• _Activity_: In the listing that follows, the lines starting at the one containing "Bershka - Gilet" and ending at the one containing "海鮮丼に焼きホタテ…朝から贅沢〜!!" are to be returned exactly, both boundary lines included, and no others.

• _Records for this exercise_:
----
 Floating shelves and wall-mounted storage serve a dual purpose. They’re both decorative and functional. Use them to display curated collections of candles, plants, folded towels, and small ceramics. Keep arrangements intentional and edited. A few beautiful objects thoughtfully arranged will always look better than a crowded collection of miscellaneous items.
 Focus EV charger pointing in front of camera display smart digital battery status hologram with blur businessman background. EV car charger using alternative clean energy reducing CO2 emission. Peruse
----
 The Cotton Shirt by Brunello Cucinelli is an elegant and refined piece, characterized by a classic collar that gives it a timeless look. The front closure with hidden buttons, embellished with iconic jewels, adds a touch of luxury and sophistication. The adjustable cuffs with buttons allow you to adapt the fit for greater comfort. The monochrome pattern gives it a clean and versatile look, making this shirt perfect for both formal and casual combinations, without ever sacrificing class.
----
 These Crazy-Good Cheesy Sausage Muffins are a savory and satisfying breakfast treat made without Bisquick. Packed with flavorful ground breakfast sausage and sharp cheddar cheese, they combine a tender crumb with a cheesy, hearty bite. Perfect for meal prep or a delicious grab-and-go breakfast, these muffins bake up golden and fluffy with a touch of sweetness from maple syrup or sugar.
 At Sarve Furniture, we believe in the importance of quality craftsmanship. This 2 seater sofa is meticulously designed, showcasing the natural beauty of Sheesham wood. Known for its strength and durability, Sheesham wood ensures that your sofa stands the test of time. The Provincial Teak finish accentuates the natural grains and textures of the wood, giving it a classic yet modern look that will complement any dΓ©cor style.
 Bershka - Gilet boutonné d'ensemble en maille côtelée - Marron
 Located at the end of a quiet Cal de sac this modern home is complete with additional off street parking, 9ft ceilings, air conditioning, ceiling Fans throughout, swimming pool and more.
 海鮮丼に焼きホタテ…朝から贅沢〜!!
----
• _Finished exercise_:
 Bershka - Gilet boutonné d'ensemble en maille côtelée - Marron
 Located at the end of a quiet Cal de sac this modern home is complete with additional off street parking, 9ft ceilings, air conditioning, ceiling Fans throughout, swimming pool and more.
 海鮮丼に焼きホタテ…朝から贅沢〜!!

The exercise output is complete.